Carrying a hand held weapon penalizes running speed and jumping by one.

Jumping while carrying a hand held weapon requires a pilot skill roll to avoid dropping it on landing. Failure means the weapon is dropped in the landing hex.

Hand Held weapons have a reliability rating. When a hand-held is dropped this number or lower must be rolled for the weapon to remain functional. Failure means the weapon was damaged/jammed and is subject to the same repair rules as normal weapons of it's type.

Most Hand held weapons have a limited number of shots, the table shows how many shots are carried in the weapons magazine. When these are exhausted the magazine must be replaced before the weapon can be fired again. Magazines (also called “clips”) can be loaded by techs in the same way as they reload normal Battletech weaponry. Clips can be carried externally on a battlemech hanging from exterior hard points. Clips may be changed by a mech only if it has two fully functioning hands.

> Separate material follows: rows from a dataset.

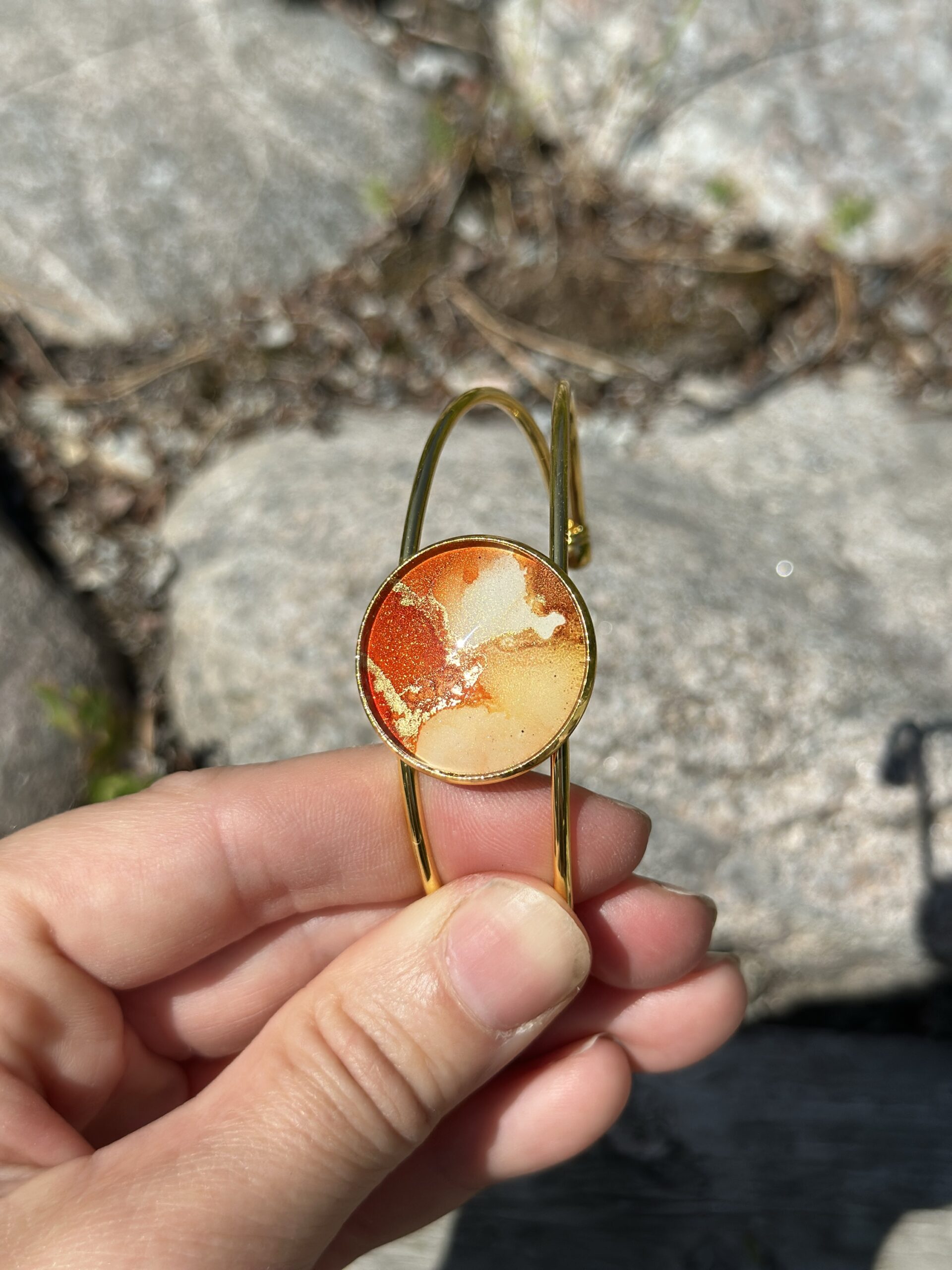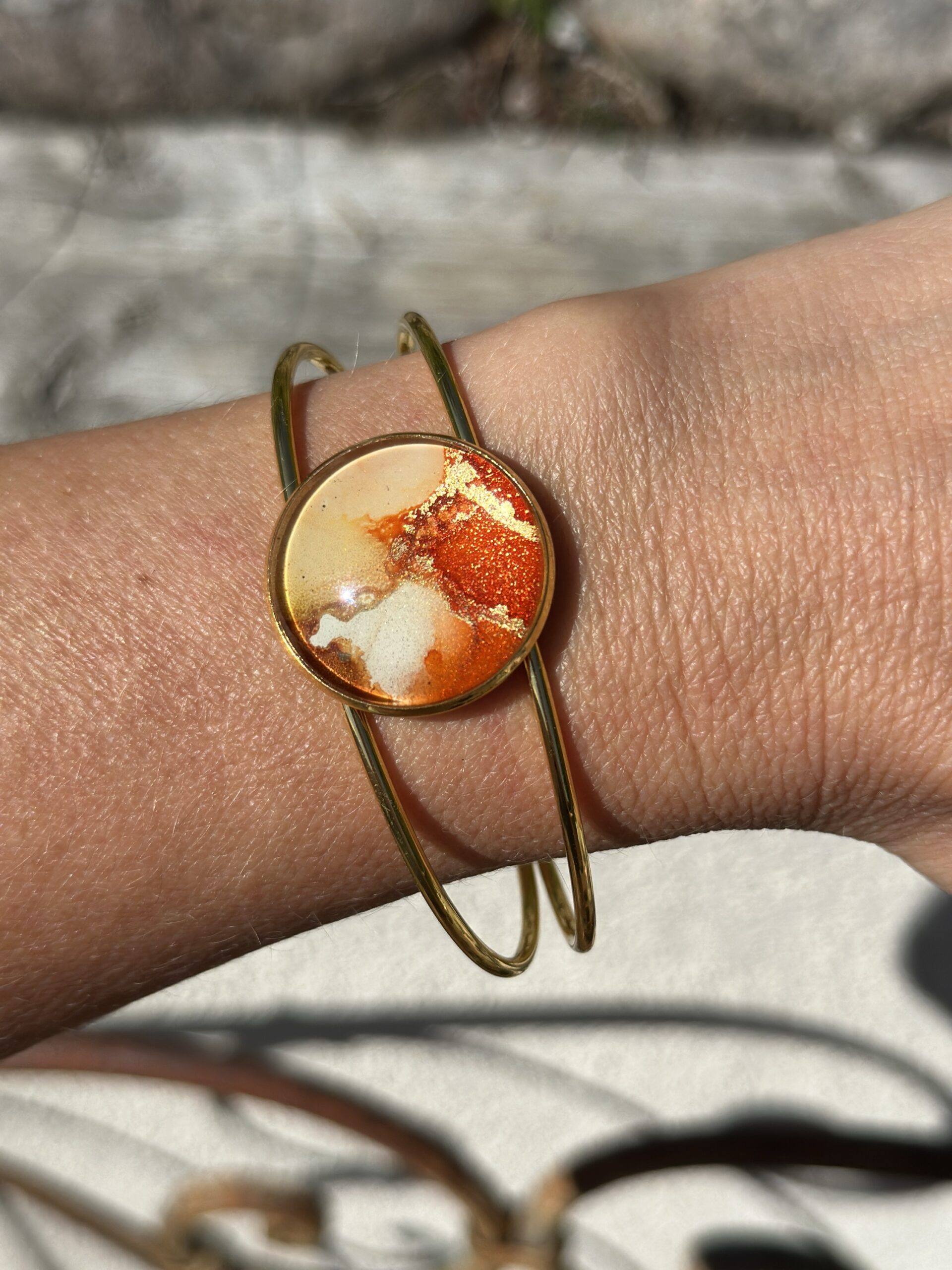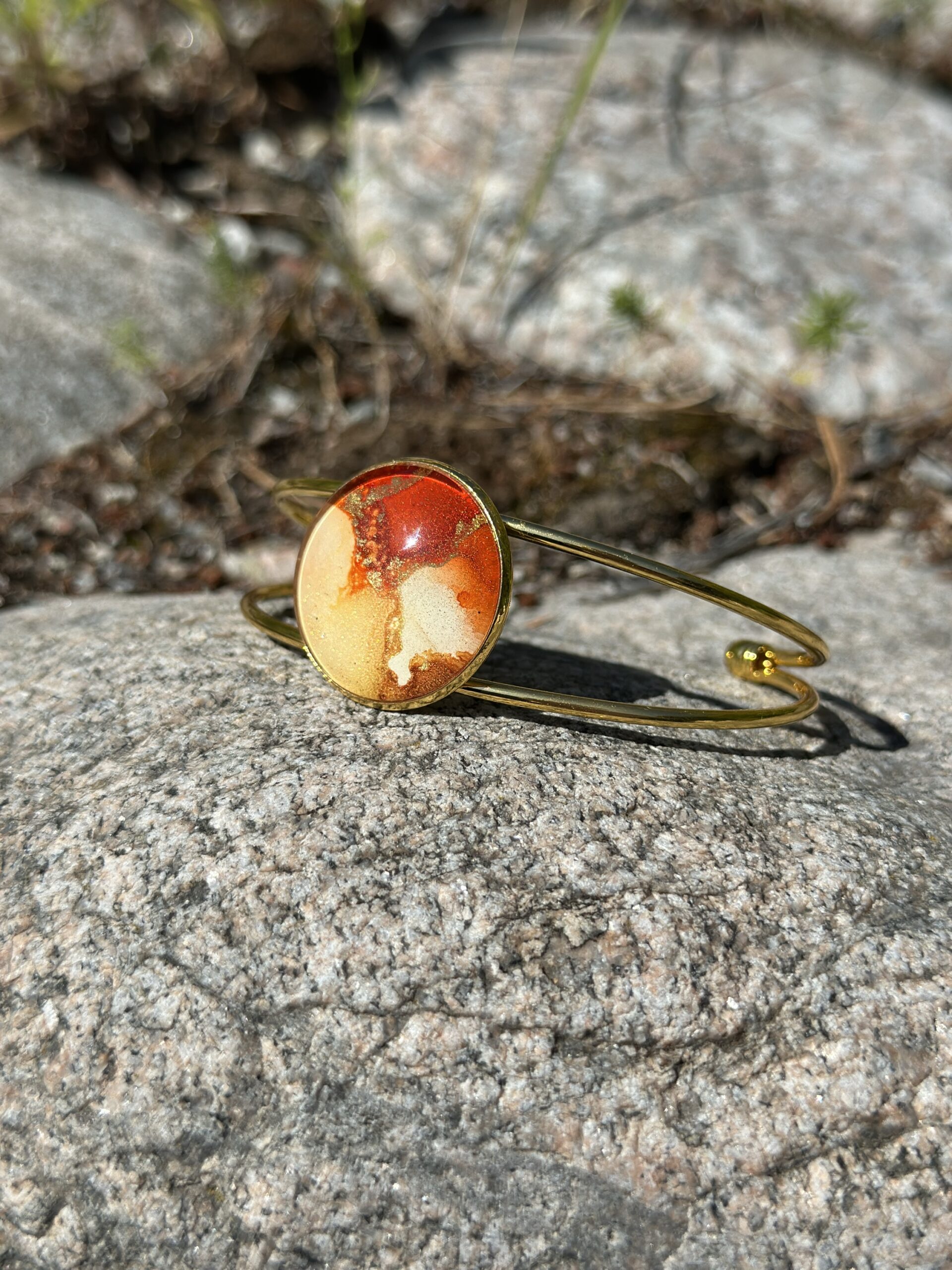 Armband i rostfritt stål, guldfärgad, med 25 mm infattning. Handmålad i alcohol ink vilket gör varje smycke får sin unika färg och mönster.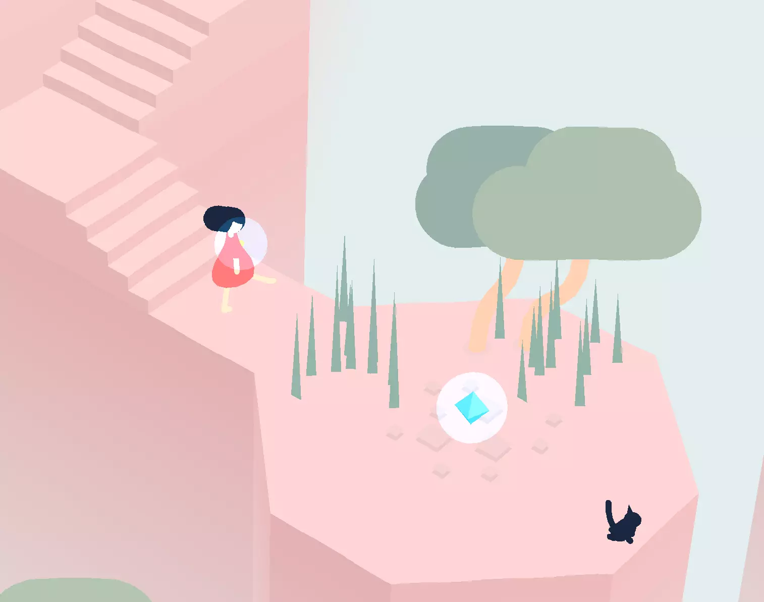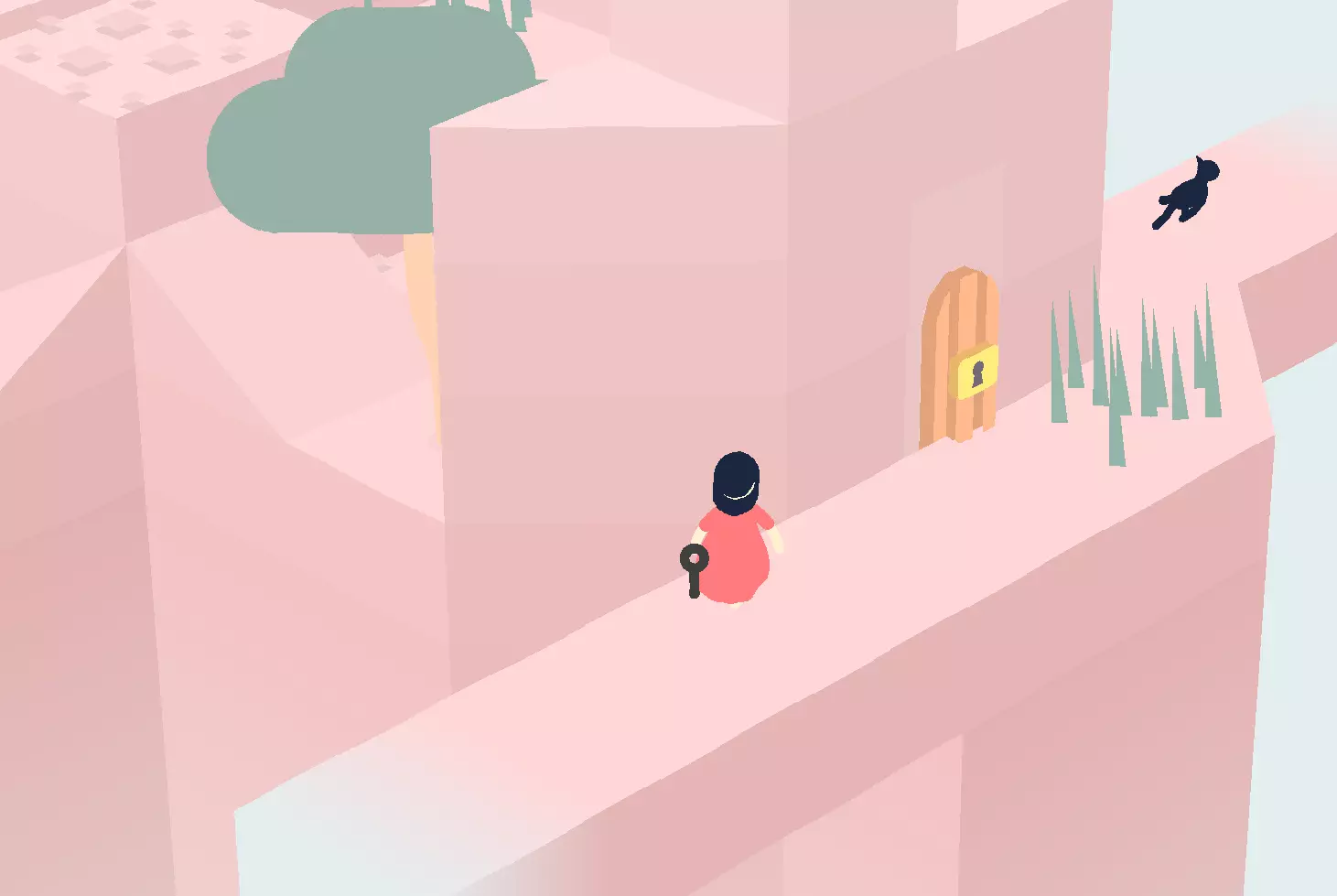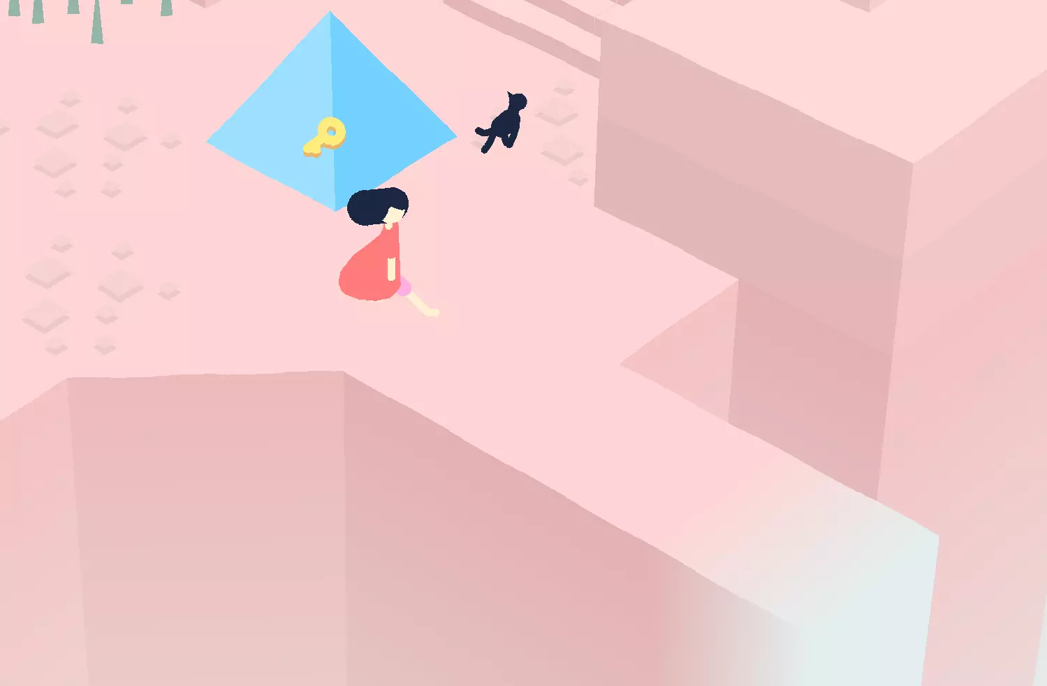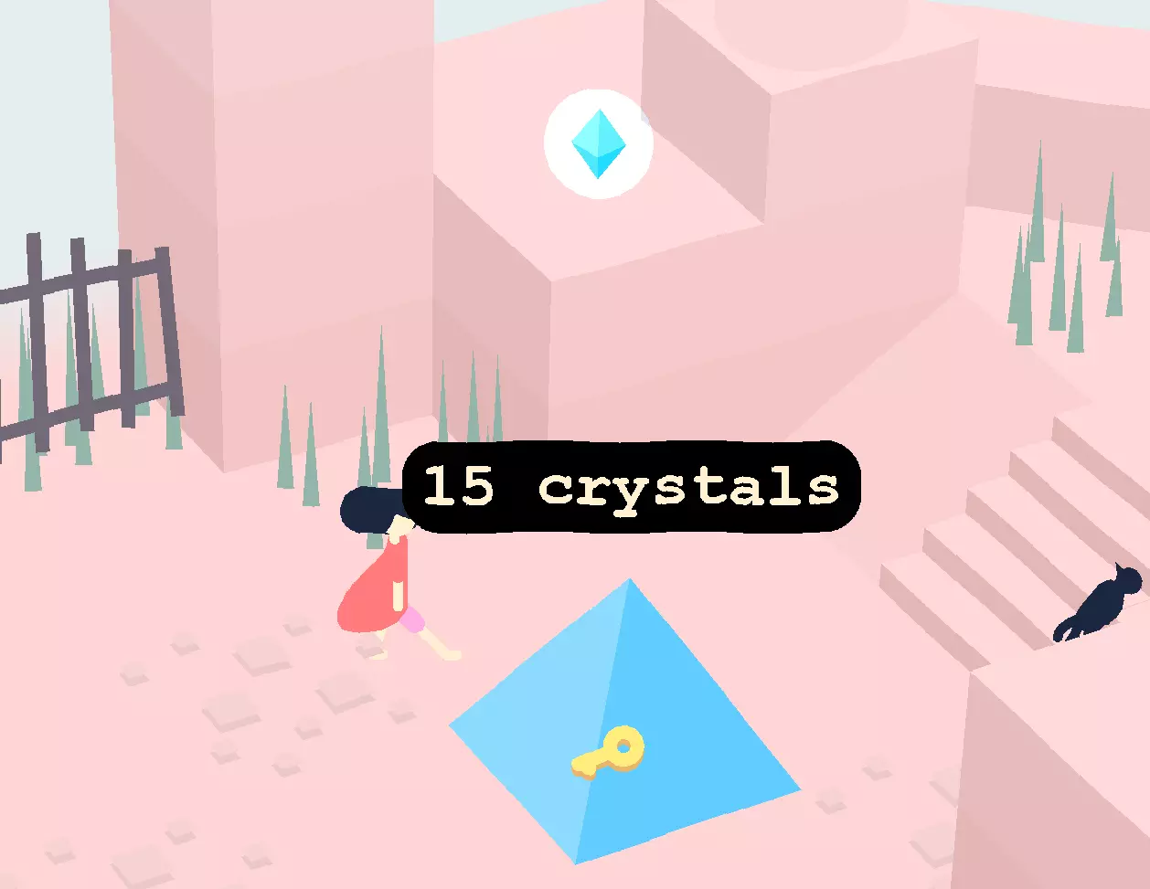 击败 击败游戏。 要击败游戏,你需要15个水晶和跳跃能力。水晶会解锁金字塔中的钥匙。钥匙和锁着的门通向最后的区域。最后的区域是相当直接的平台跳跃。在最后一个区域中坐在猫旁边即可完成游戏。 速通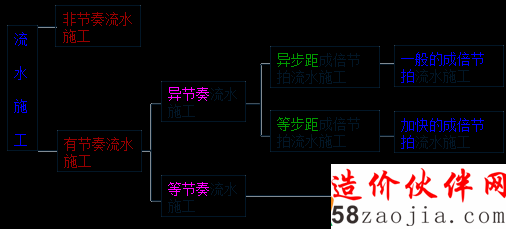 有节奏流水施工是指在组织流水施工时,每一个施工过程在各个施工段上的流水节拍都各自相等的流水施工,它分为等节奏流水施工和异节奏流水施工。

The location of a clip must be noted, and a clip is potentially hit when that location takes a hit. When a clip location is hit roll a pilot skill roll, failure indicates the clip has exploded and the clip's worth of damage is applied to the location in question. Energy weapons do not have magazines and rely on power feeds built into the 'mechs hand, these feeds fail if the weapon fails it's saving throw, and the weapon can only be repaired as per a weapon critical hit, further having an energy weapon knocked out of the hand will lead to a “blowback”, automatically giving one critical hit to that arm and doing 2 points of internal structure damage.

 


* Treat as a bi-pod weapon, Mech must be prone to fire.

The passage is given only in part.